I say all of this as a preamble to my view that the Habonim Dror Southern Africa that I encountered falls clearly within the conversations crucial to the Jewish People. I found a group of committed young Jews, struggling in the most honest way possible to put together a number of commitments:

  • A commitment to a Judaism in which ethical behaviour has a major place.
  • A commitment to an Israel where the values which made the Jewish People great, which have enabled us to disagree so passionately whether it be via the pages of the Talmud or whether it be as the different responses to the modern world emerged and to still remain one People, still hold true (an open society, a society which affirms the right to diverse opinion, the right to the great freedoms which the voices of the Prophets have given us as a part of our core heritage and which was so eloquently continued in the Mussar movement in Lithuania and beyond their destruction in the Second World War to the great cultural hubs of New York, Tel Aviv, London and Paris).
  • A commitment to a South Africa so wonderfully different from the South Africa I left.
  • A commitment to truth even when it hurts.

These commitments are not always easy to hold together especially when one has not the experience it sometimes takes to deal with the disappointments of compromises and the vision to see beyond the compromises we need to sometimes make.

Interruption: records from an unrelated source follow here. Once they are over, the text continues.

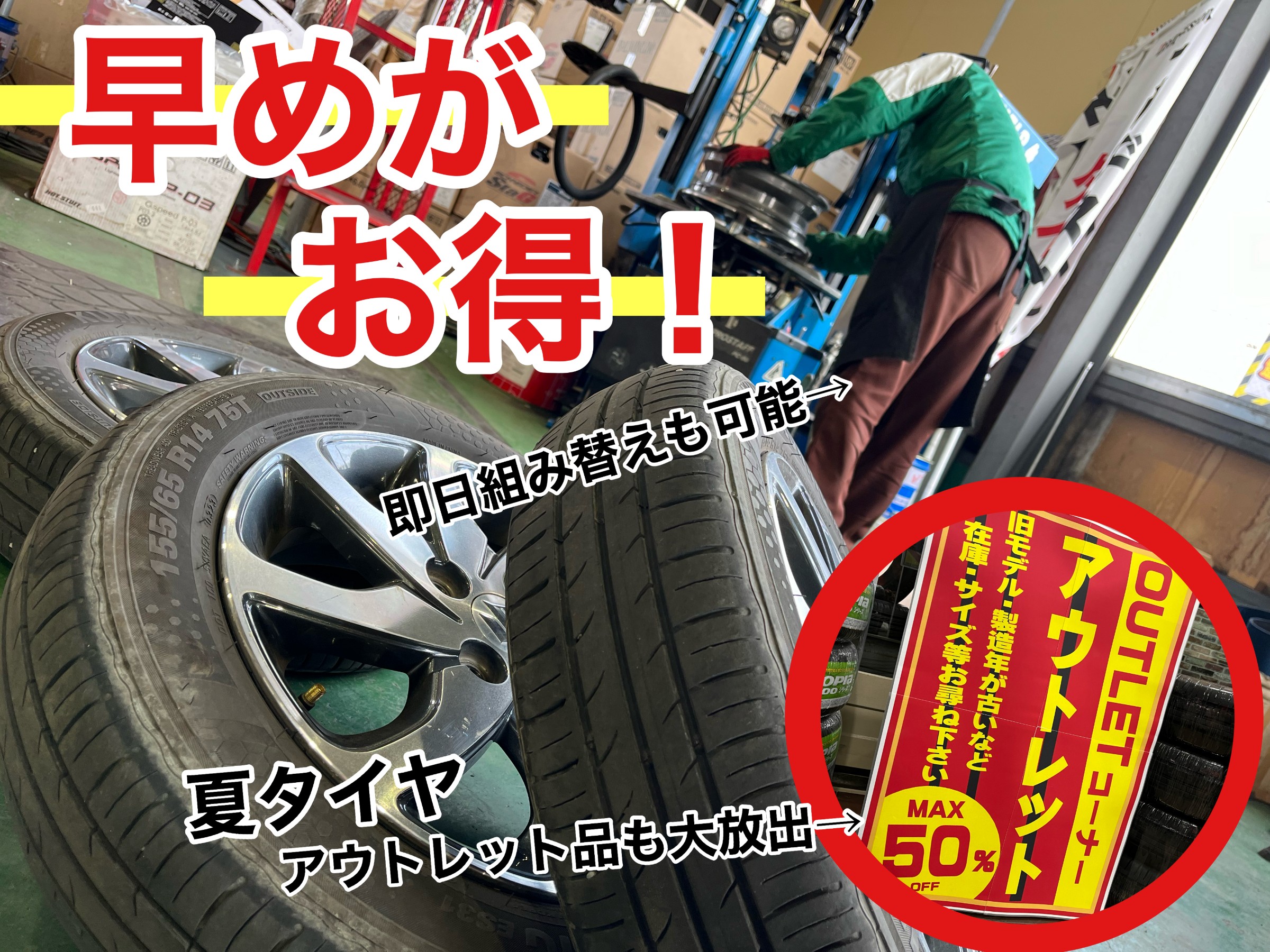 夏タイヤ!早目がお得!即日組替えお持ち帰りも可能!?
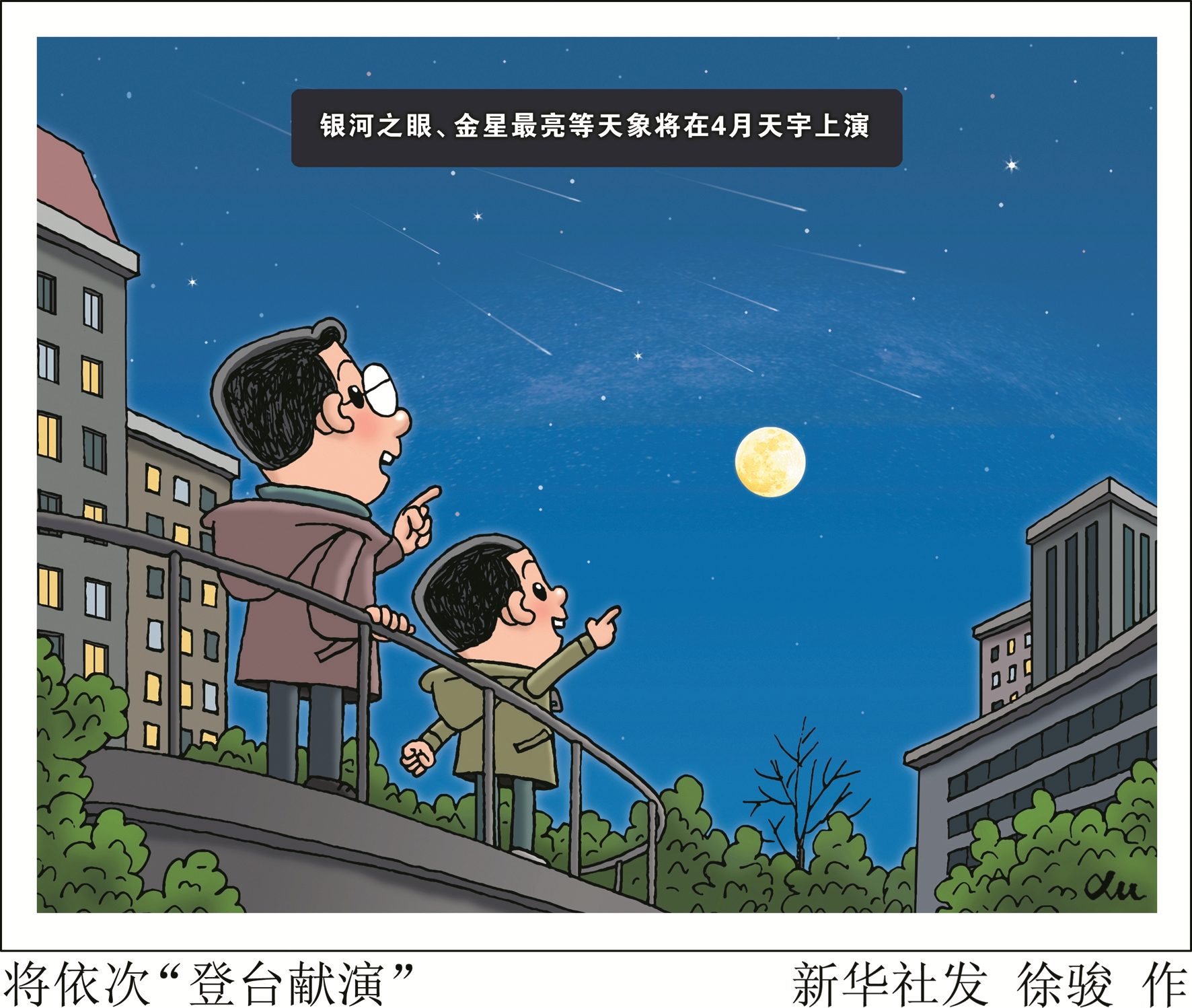 4月“星空舞台”的节目单新鲜出炉了:北斗七星、春季大三角、狮子座等春季星空的主角愈发显眼,昴星团和木星伴月、月掩金牛座β星、火星和北河三伴月、水星西大距、天琴座流星雨极大、金星和土星伴月、银河之眼、金星最亮等天象将依次“登台献演”。(新华社发)
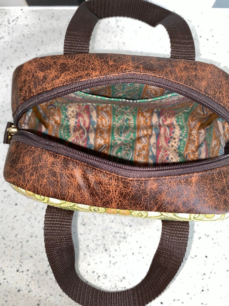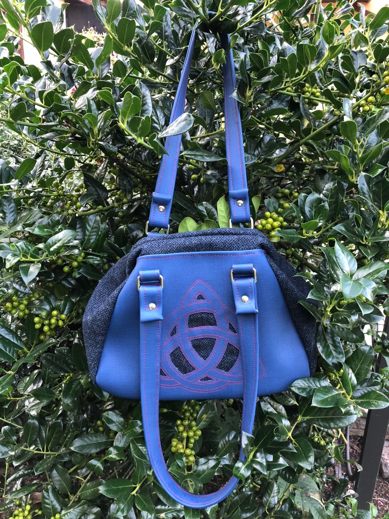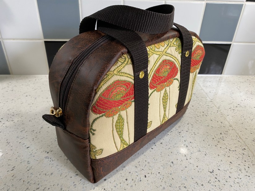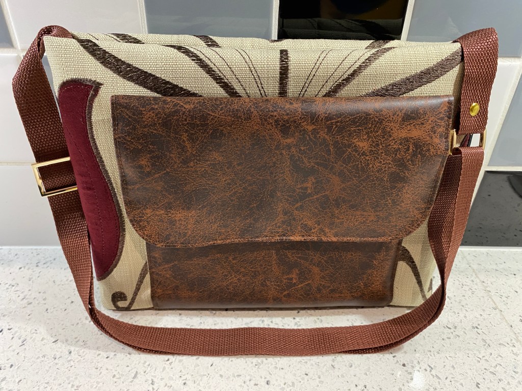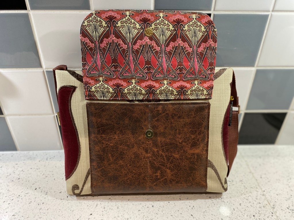 The Companion Carpet Bag holds a surprising amount of stuff! there are exterior slip pockets front and back, as well as interior slip and zipped pockets. The top fastens with a neat sprung frame. £85.00 each plus P&P. These examples are in handwoven tweed from Mucros (near Killarney) and faux leather decorated with reverse applique. The linings are 100% cotton. – SOLD
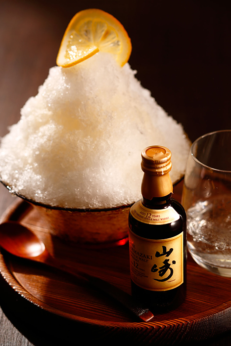 レモンの酸味と優しい甘みの自家製シロップが、個性的な深みのある「山崎」の味わいを引き立てる、大人のためのかき氷。最後は炭酸水をかけてハイボールに!「みぞれ白州」もあります。
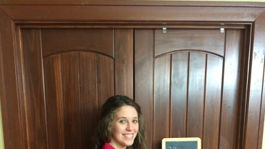 In the photo, Jill is wearing a red long-sleeved shirt and black skirt and holding up a signboard saying "33 Weeks, 4 Days." The photo's caption said, "Getting so very close!"
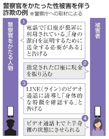 警察官をかたり捜査名目で金銭を送らせる特殊詐欺が今年1~3月、2千件近く確認され、20~30代の被害が急増している。性被害を伴うケースも起きており、通信アプリのビデオ通話を介して裸にさせられたり、「24時間監視が必要」と入浴中の映像を送らされたりするなど、各地で女性6人の被害が確認された。警察庁が注意を呼びかけている。
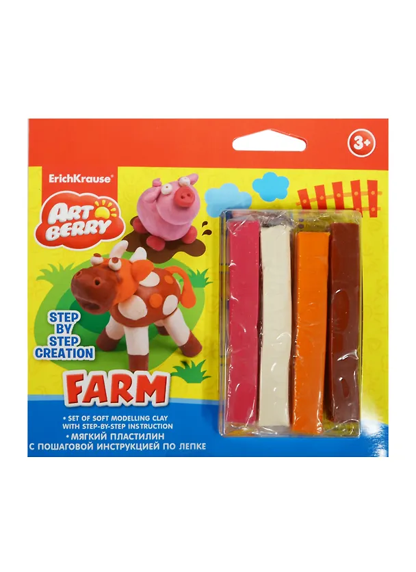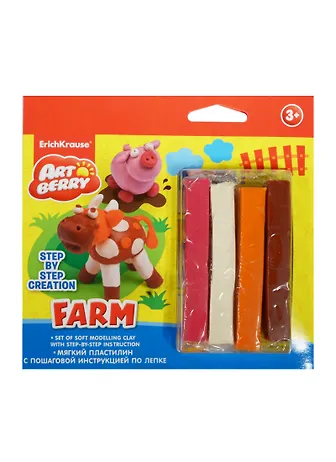 Пластилин Erich Krause, ArtBerry, 4цв Farm мягкий пластилин с пошаговой инструкцией по лепке 38543""
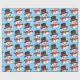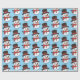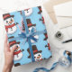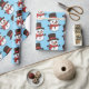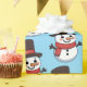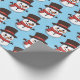 Um papel de embrulho de neve de Natal com um desenho animado de um adorável boneco de neve vestindo um chapéu e um cachecol vermelho. Ele tem uma cenoura para um nariz carvão para olhos e botões, galhos para braços e um sorriso grande e feliz. Este doce padrão de feriado está num fundo azul pálido.
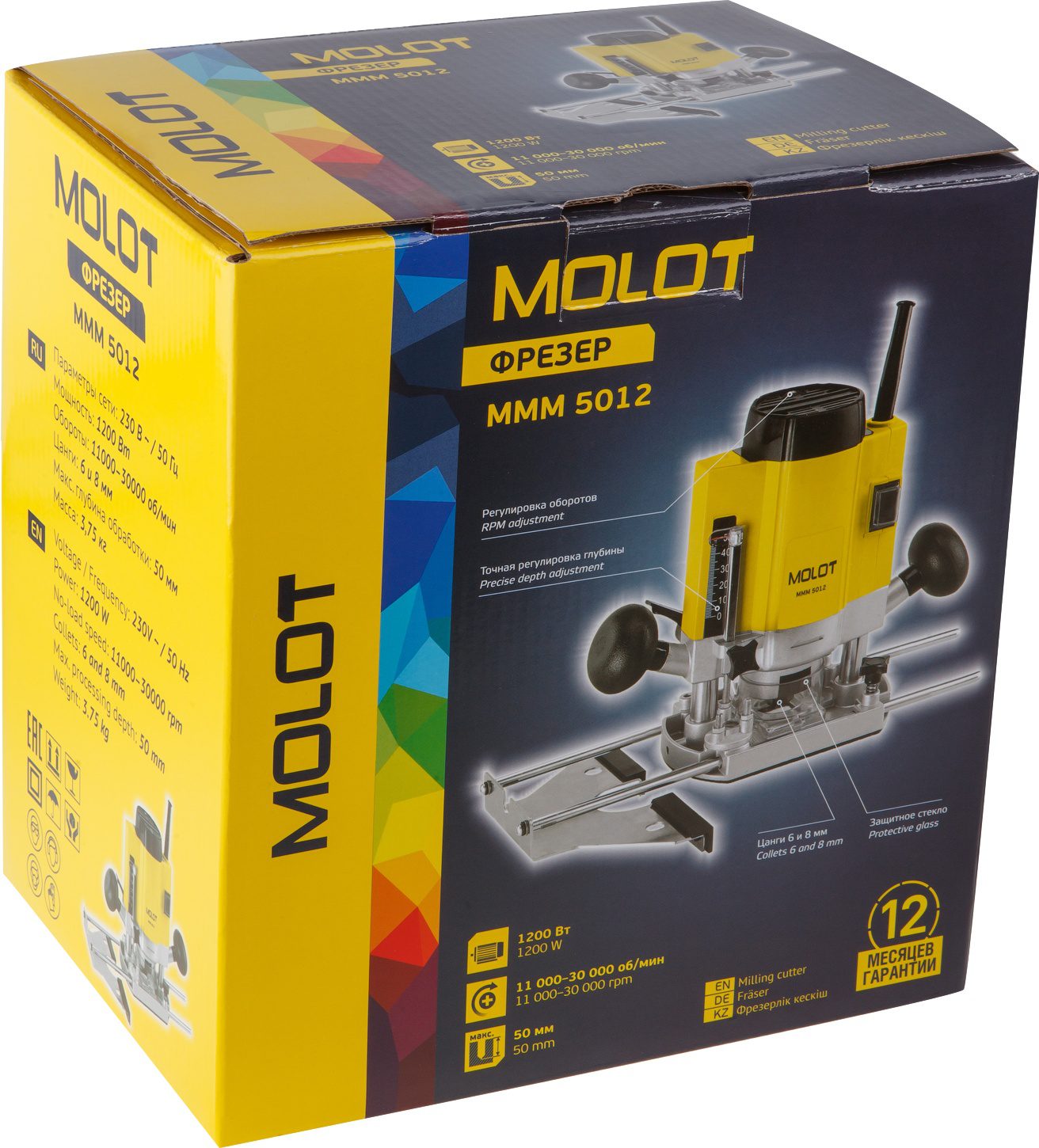 Фрезер MOLOT MMM 5012 (MMM501200019) — это высокопроизводительный фрезер с мощным мотором и регулировкой оборотов скорости в зависимости от материала. Возможно подключение к пылесосу для отбора стружки и пыли. Выбор глубины обработки 0-50 мм обеспечивает легкое проникновение вглубь заготовки или сквозь нее, так же имеется более точная настройка глубины. Возможно устанавливать фрезы с диаметром хвостовика 6, 8 мм. Эргономичные рукоятки с мягкими накладками. Легкое управление кнопкой фиксации на необходимой глубине обработки.
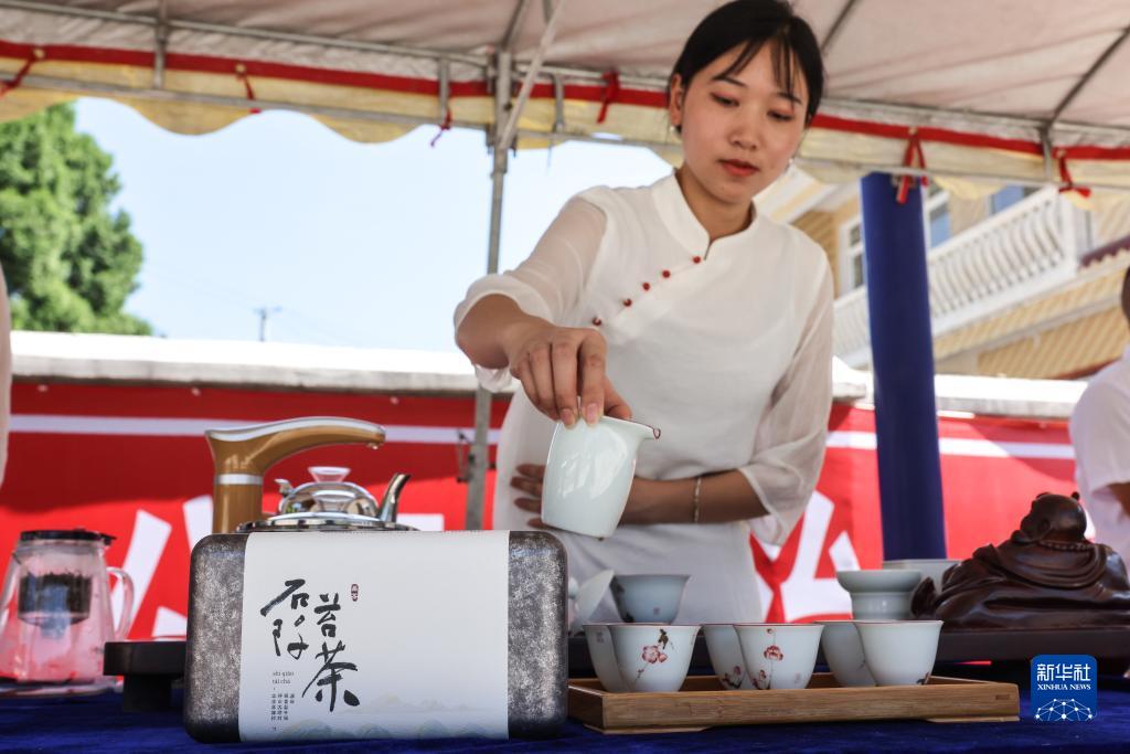 8月9日,工作人員在石阡縣楓香鄉梨子園村茶葉加工廠內沖泡茶葉。
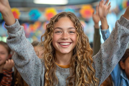 A young girl with blonde hair smiles and raises her hands in a classroom full of students.
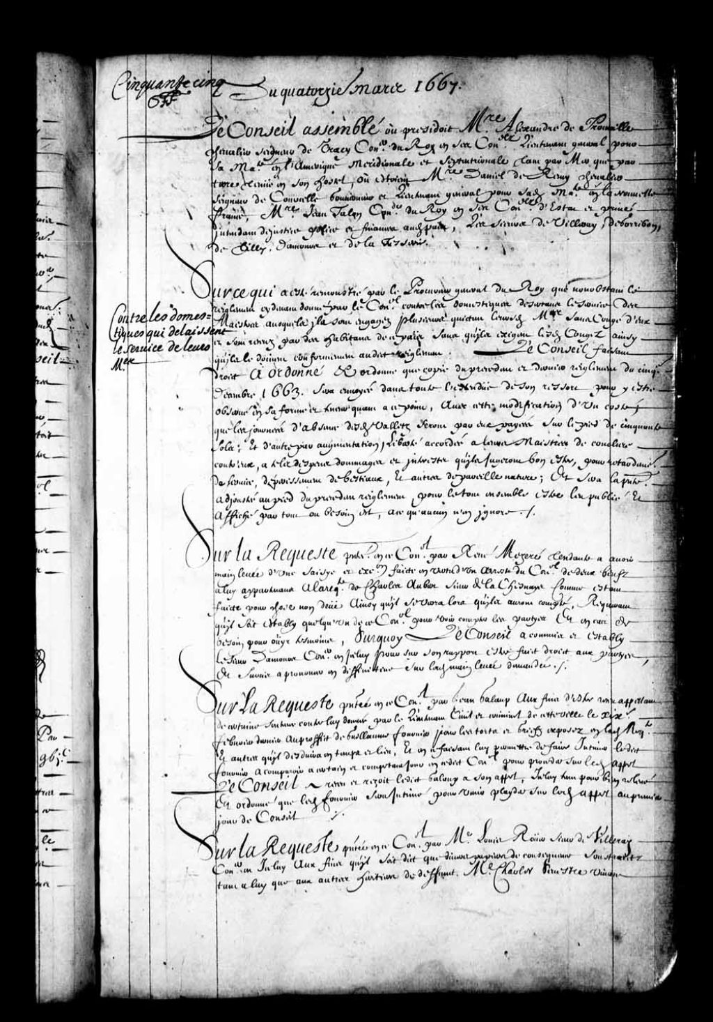 - Transcription du texte avec orthographe modernisée : «Du quatorzième mars 1667. Le Conseil assemblé où présidait messire Alexandre de Prouville chevalier seigneur de Tracy conseiller du Roi en ses Conseils lieutenant général pour sa Majesté en l'Amérique méridionale et septentrionale tant par mer que par terre tenue en son hôtel, où était messire Daniel de Rémy chevalier seigneur de Courcelle gouverneur et lieutenant général pour sa dite Majesté en la Nouvelle-France messire Jean Talon conseiller du Roi en ses Conseils d'état et privé intendant de justice police et finances audit pays les sieurs de Villeray, de Gorribon, de Tilly, Damours et de la Tesserie. Contre les domestiques qui délaissent le service de leurs maîtres. Sur ce qui a été remontré par le procureur général du Roi que nonobstant le règlement ci-devant donné par le Conseil contre les domestiques désertant le service des maîtres auxquels ils sont engagés plusieurs quittent leursdits maîtres sans congé d'eux et sont retirés par des habitants de ce pays sans qu'ils exigent lesdits congés ainsi qu'ils le doivent conformément audit règlement, le Conseil faisant droit a ordonné et ordonne que copie du précédent et dernier règlement du cinquième décembre 1663 sera envoyée dans toute l'étendue de son ressort pour y être observé en sa forme et teneur quant à ce point avec cette modification d'un côté que les journées d'absence desdits valets seront par eux payées sur le pied de cinquante sols et d'autre par augmentation liberté accordée à leurs maîtres de conclure contre eux à tels dépens dommages et intérêts qu'ils jugeront bon être pour retardement de service dépérissement de bestiaux et autres de pareille nature et sera la présente ajoutée au pied du précédent règlement pour le tout ensemble être lu publié et affiché par tout ou besoin est à ce qu'aucun n'en ignore.»
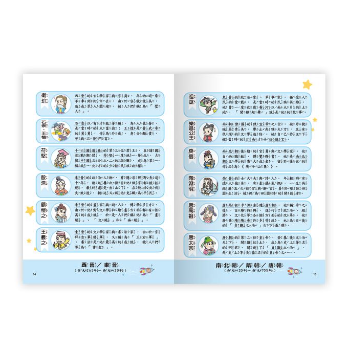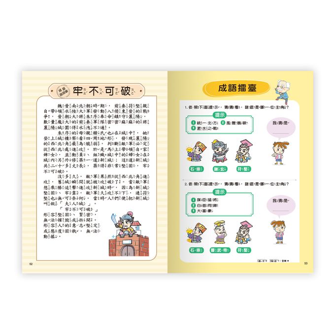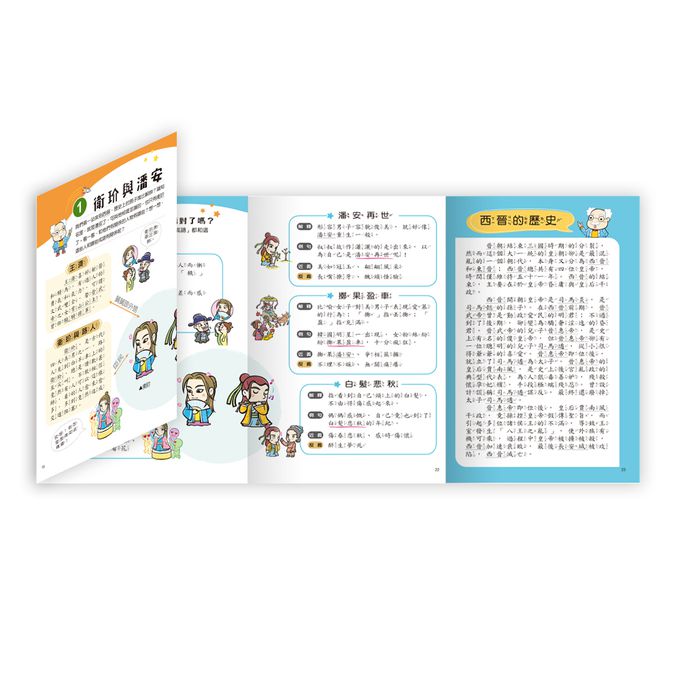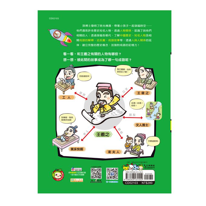 跟著書中的人物穿越時空,遇見古代知名人物,像是苻堅.謝玄.唐高祖.唐太宗.李白.蘇東坡等,透過人物關係.歷史背景,認識每個成語背後的意義,除了讓孩子更能夠更了解成語的典故.解釋,還能再加以延伸.運用,輕輕鬆鬆學歷史,建立歷史 朝代的概念,還能透過趣味的人物關係與成語故事,把成語通通都記起來!

I would like to end with this: at our peril we push those with whom we have disagreements to the edges of our People. The great challenge of Peoplehood is to anchor ourselves to the values we share, not to confuse Tradition with many small 't' traditions we create and to use the energy of those who challenge the notions we hold as we make our compromises.

I recommend the chaverim and chaverot of Habonim Dror South Africa to you as these people. Nurture them so they may take their place in the generations of Israel.